Despite all its advantages as an important material for atomically thin layered electronic device applications, graphene cannot be used as a promising material for active channel in field-effect transistors (FETs) because of the absence of a bandgap. Bandgap in graphene can be introduced by patterning into nanoribbons1, chemical functionalization2, and dual-gated bilayer graphene3, but always at the cost of significant mobility degradation. Moreover, their bandgap size is small, and the ON/OFF ratio is too small to be applicable to FETs. In contrary, several two-dimensional transition metal dichalcogenides (TMDCs) retain considerable bandgap around 1 eV to 2 eV4,5. Tungsten-based TMDCs compounds have shown a compelling thickness-dependent electronic band structure6,7 with relatively high carrier mobility8. As a tungsten based TMDCs compound, WS2 shows the transition of an indirect-to-direct bandgap when cleaved into monolayer9. Bulk WS2 is a semiconductor with an indirect bandgap of 1.4 eV, but monolayer WS2 presented a direct bandgap of 2.1 eV10. WS2 crystal is formed by layers of covalently bonded in-plane S-W-S atoms. These atoms compose two sheets of S and one sheet of W atoms that are hexagonally packed11. Adjacent layers in WS2 crystals are bound together by weak van der Waals forces. Given these weak interlayer interactions12,13, WS2 can be fabricated into single or a few layers by micromechanical cleavage method.

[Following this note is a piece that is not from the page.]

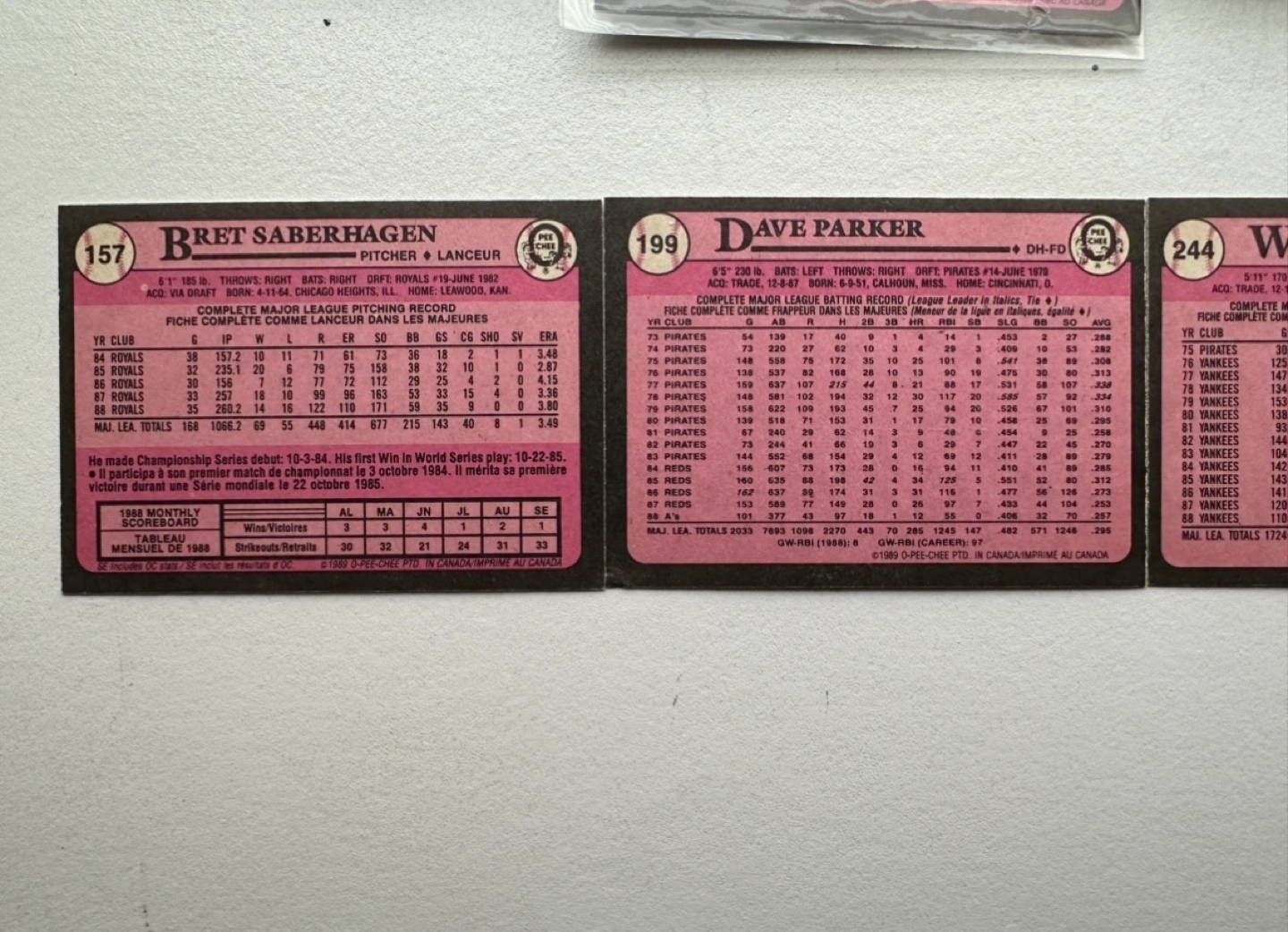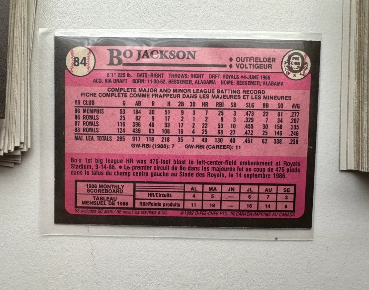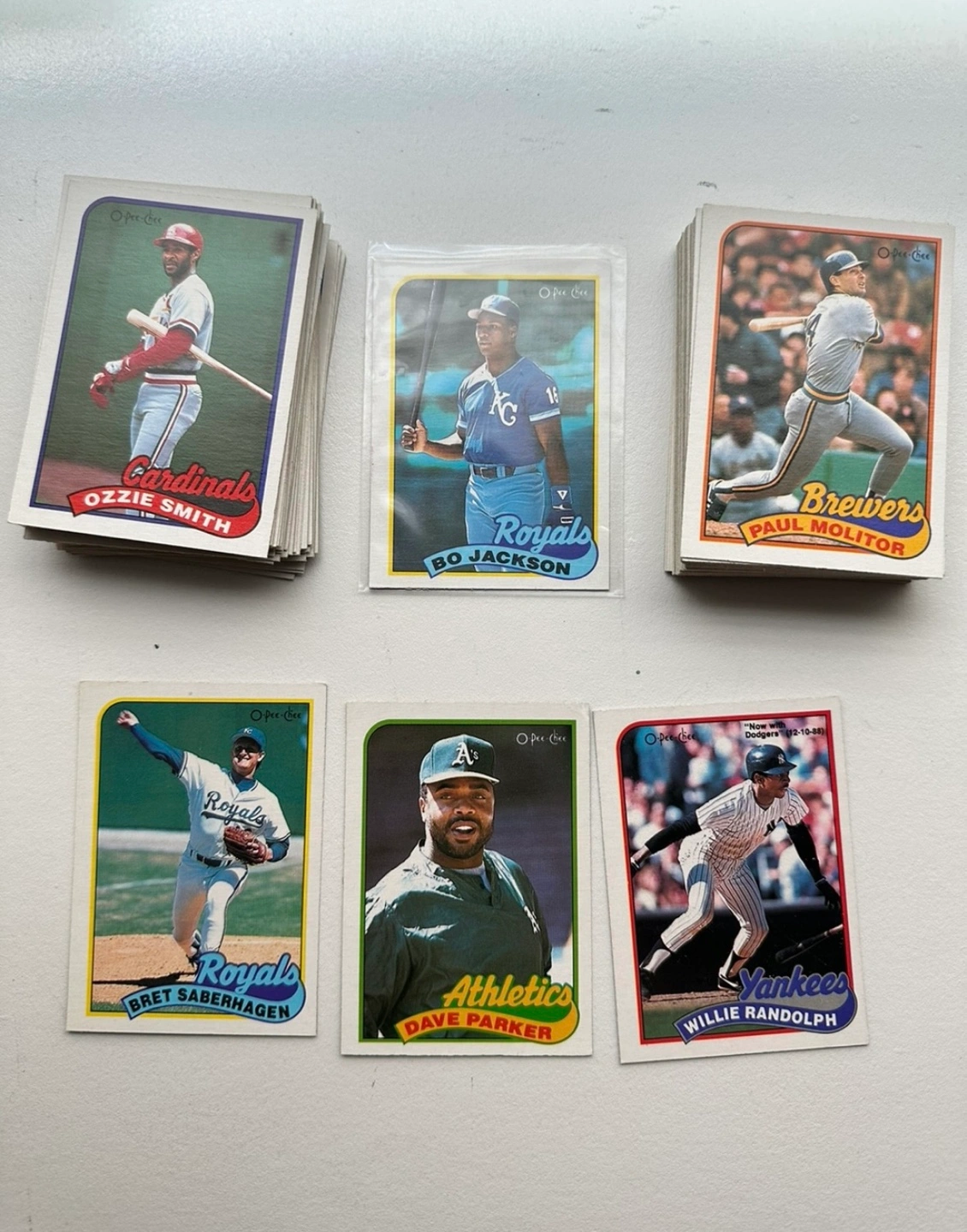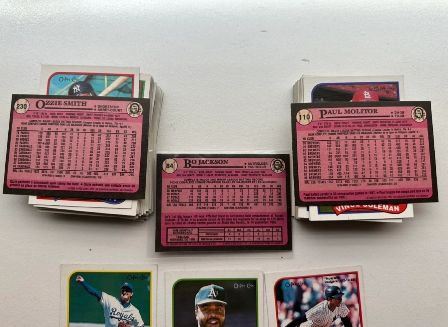 Collection of 1989 O-Pee-Chee baseball cards. Features various players including Bo Jackson, Ozzie Smith, and more. More than 50-60 cards.

WS2 is currently a focus as next-generation nanoelectronic and optoelectronic materials. The material retains extremely high ON/OFF current ratio, high thermal stability, absence of dangling bonds, and electrostatic integrity14. Atomically thin layer of WS2 is becoming a new competitor to graphene, as well as traditional semiconductors, in a variety of applications, such as low power FETs, optoelectronic devices, memory devices, and chemical sensors. However, WS2 based devices suffer degradation of intrinsic properties and overall permanence because of environmental effects. In previous reports, single-layer (SL)-WS2 on Si/SiO2 substrate showed mobilities ranging between 40 and 60 cm2/Vs at room temperature15,16, because its electrical transport properties were strongly affected by interfacial charged impurities, surface roughness on Si/SiO2 substrates17,18. Suspending geometry19 may offer considerable improvements in intrinsic electrical properties of WS2. However, this kind of geometry imposes severe limitations on device fabrication. The improvement in sample quality in a substrate-supported geometry is necessary for the future progress of WS2 device technology. Efforts have been exerted to develop alternatives to the substrates. An ideal choice for alternative substrate is hexagonal BN (h-BN), which can be used to eliminate problematic surface effects in WS2 samples20, because h-BN has a large bandgap, is comparatively inert, does not possess dangling bonds, possesses low density of charged impurities, and is naturally flat21,22.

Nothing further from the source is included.